··· Records to process ···

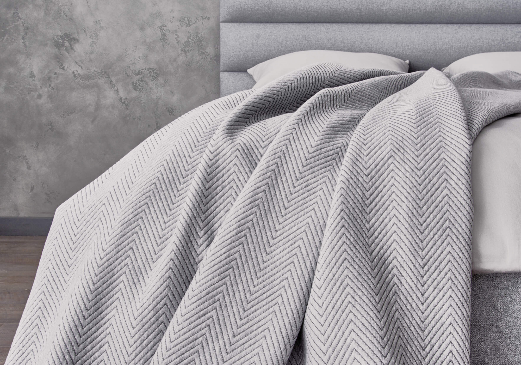 Трикотажные пледы Porto с классическим узором в виде крупного зигзага добавят уюта гостиной или спальне. Современная экологичная ткань на основе хлопка и переработанного полиэфирного волокна мягкая, долговечная и простая в уходе. Пледы единого размера подойдут для двуспальных кроватей.
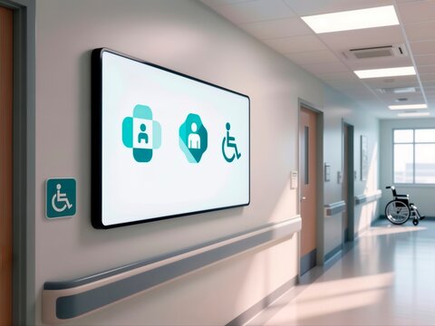 Digital wayfinding screen with accessibility icons in a modern hospital corridor.
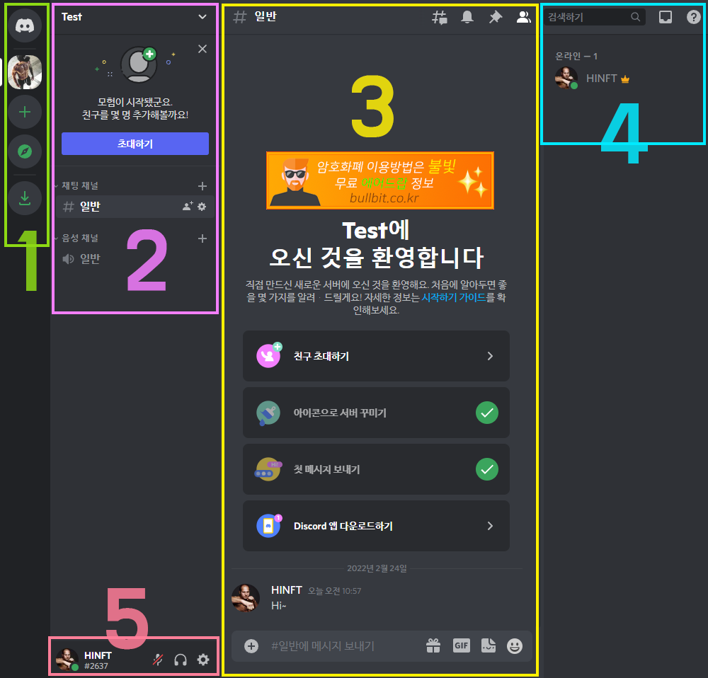 디스코드 메인화면을 5개 파트로 나눠서 설명을 드리도록 하겠습니다.
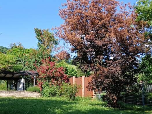 Lichtdurchflutetes Einfamilienhaus mit großem schön angelegten Garten und altem Baumbestand, Freisitz mit Kamin und direktem Zugang zu den Weinbergwegen. Zwei große Balkone und eine Terrasse direkt a...
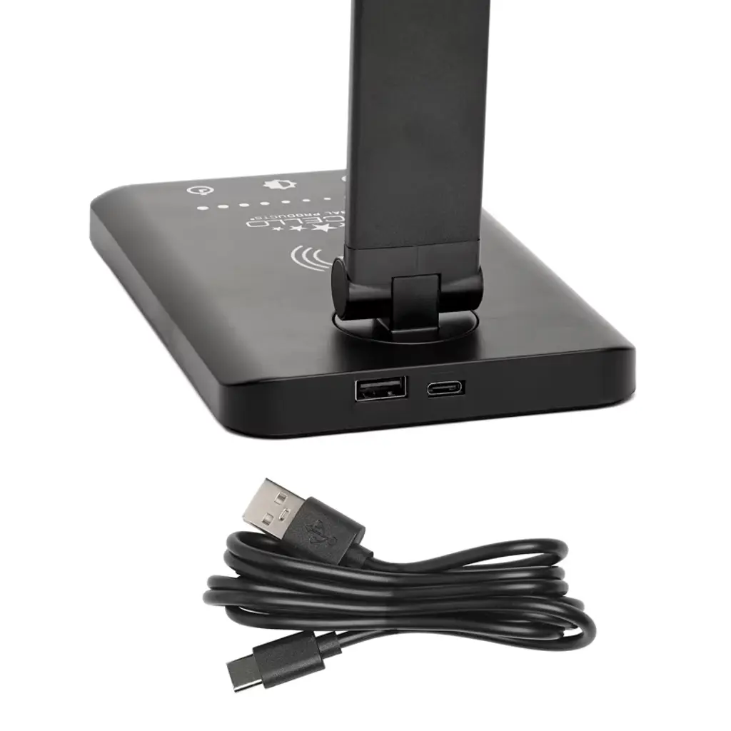 Upgrade your workspace with this sleek adjustable desk lamp, featuring 5 color modes and customizable brightness for optimal lighting. It includes a built-in wireless charging pad, USB-A, and USB-C ports to keep your devices powered while you work. The flexible design allows easy rotation and adjustment, ensuring the perfect angle for reading, studying, or crafting. Stylish and functional, this lamp is a must-have for any home or office.
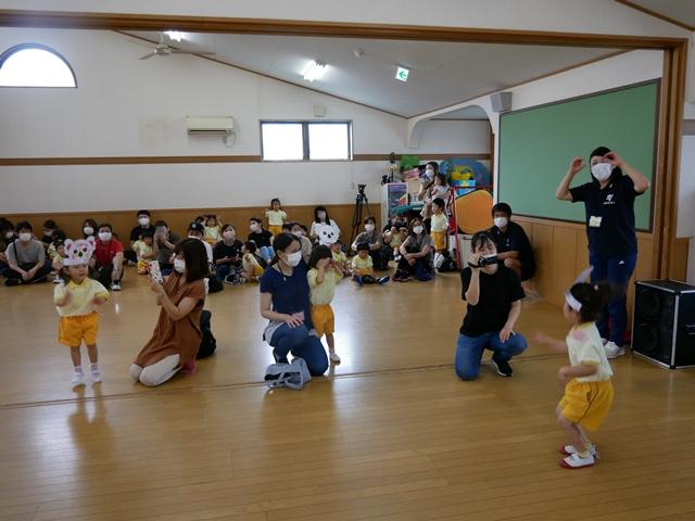 自分たちで選んで色塗りをしたパンダ・ウサギ・コアラのお面をかぶり、お家のかたと一緒に可愛いダンスを披露してくれました。
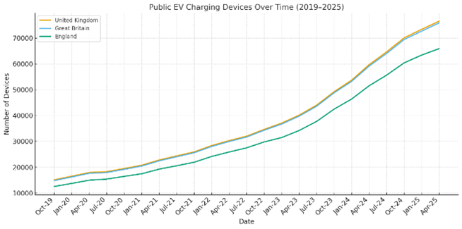Figure 1 Public EV chargers from 2019 to 2025 in UK, Great Britain and England
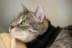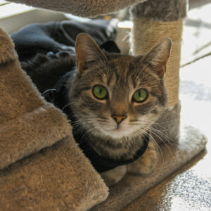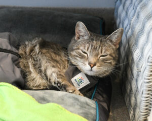 Recently, Regina had a few episodes of diarrhea, so she is now adjusting to a new GI Biome diet. Since the other cats in her suite are not on this regimen, she is crated at meal times. So far, this special diet seems to be helping her gastrointestinal system remain settled and happy. And, of course, raising happy and healthy cats and kittens is what Tabby’s Place is all about.

···

_Task details_
Above are some records; extract exactly the lines from the one containing "Digital wayfinding screen" through the one containing "Lichtdurchflutetes Einfamilienhaus mit" and drop the pictures.

_The answer_
 Digital wayfinding screen with accessibility icons in a modern hospital corridor.
 디스코드 메인화면을 5개 파트로 나눠서 설명을 드리도록 하겠습니다.
 Lichtdurchflutetes Einfamilienhaus mit großem schön angelegten Garten und altem Baumbestand, Freisitz mit Kamin und direktem Zugang zu den Weinbergwegen. Zwei große Balkone und eine Terrasse direkt a...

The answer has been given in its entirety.